The Immigrants' Daughter:
A Private Battle to Earn the Right to Self-Actualization

by Mary Terzian


Booklocker.com, Inc., 2005. ISBN 159113773X.
Reviewed by Susan Wittig Albert
Posted on 03/14/2006

Nonfiction: Memoir; Nonfiction: Cultural/Gender Focus; Nonfiction: Relationships

A Question of Identity

"Where do you come from?" is the first question of Mary Terzian's absorbing memoir of her journey from her native land of Egypt to the United States. The Immigrants' Daughter is a story about personal identity: of shifting cultural contexts within which a young woman must find, and finally create, herself.

Born to Armenian parents who survived Turkish genocide to settle in Egypt, Mary spends her childhood and teen years in Cairo. Her memories of those pre-war days are sharp and clear, rich in the distinctive sights and sounds and smells of bustling, cosmopolitan Cairo, with its crowded streets, colorful markets, and multi-ethnic crowds.

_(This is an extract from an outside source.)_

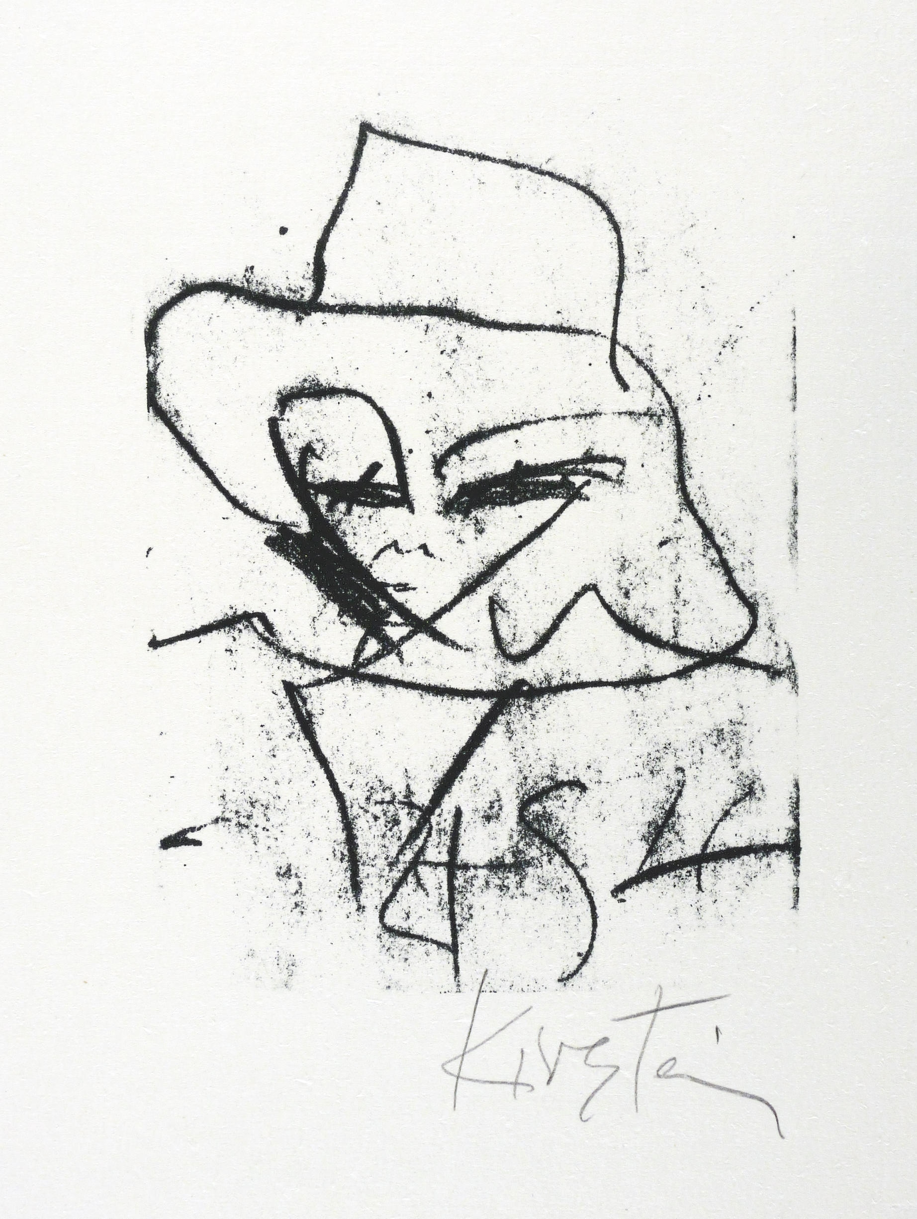 1982. Lithografie / Kreidelithografie, in Schwarz, auf hellchamois Bütten. – Originale Künstlergrafik, von Helmut Schmidt-Kirstein. – 25 x 19 cm (Blatt), 13,8 x 10,2 cm (Darstellung / Druckbild).

The loss of her mother and her father's remarriage create enormous change for her, personal losses and challenges interwoven with the German invasion of Egypt. "Between Mama's death, World War II, and the insecurities of life, childhood slips away unnoticed," she writes, as she struggles to imagine something other than the conventional fates of wife and mother (or seamstress: her father's idea of an acceptable occupation) for which her traditional culture destines her.

At last, after some conniving (the scene in which Mary translates and attempts to mediate the fiery argument between her father and the school's administrator is priceless), Mary manages to enter the academic track in her secondary school. She embarks on her first job, in the office of a trading company, and finally achieves a measure of independence: she leaves her restrictive, demanding father and stepmother and takes a room at the Y.W.C.A. In the last few chapters of the memoir, a new job with the United Nations takes her out into the world beyond her cultural borders.

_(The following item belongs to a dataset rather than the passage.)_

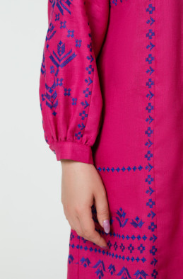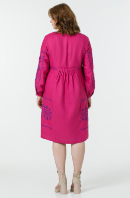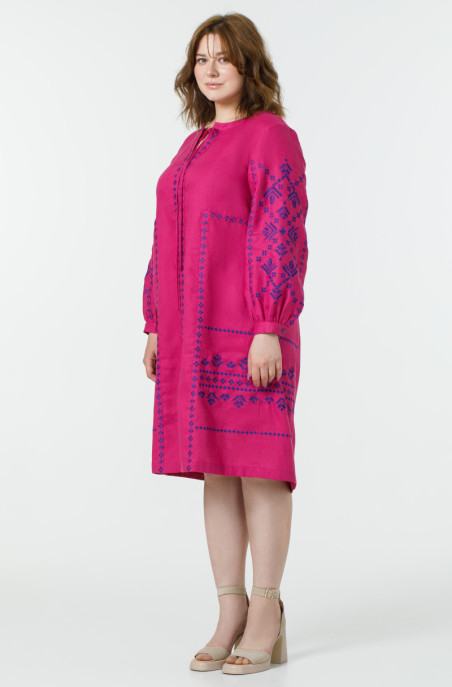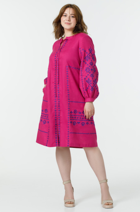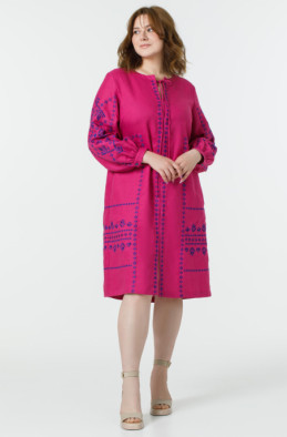 The plus size linen dress, decorated with embroidery. It has a zip on the back and pockets in side seams.

Mary's account of her struggles with her strictly traditional father reminded of my own, and made me think that perhaps all fathers of our era were alike, whatever their nationality. And all daughters, too, perhaps, for Mary's story reminded me of my own desperate desire to escape from my parents' life and into a life of my own.

Perhaps we can all echo Mary's credo: "Where do I come from? I come from the core of humanity, from a combination of joys and sorrows, from circumstances that fashion destiny, from experiences that forge character, from the sum total of expressed or repressed emotions that I have entertained during my life."

Mary Terzian's compelling memoir is told in the present tense, which gives it vigor and urgency. The book is a good read, a thoughtful presentation of a difficult life's passage, and a richly-colored portrait of Armenian immigrant life in pre- and post-war Egypt.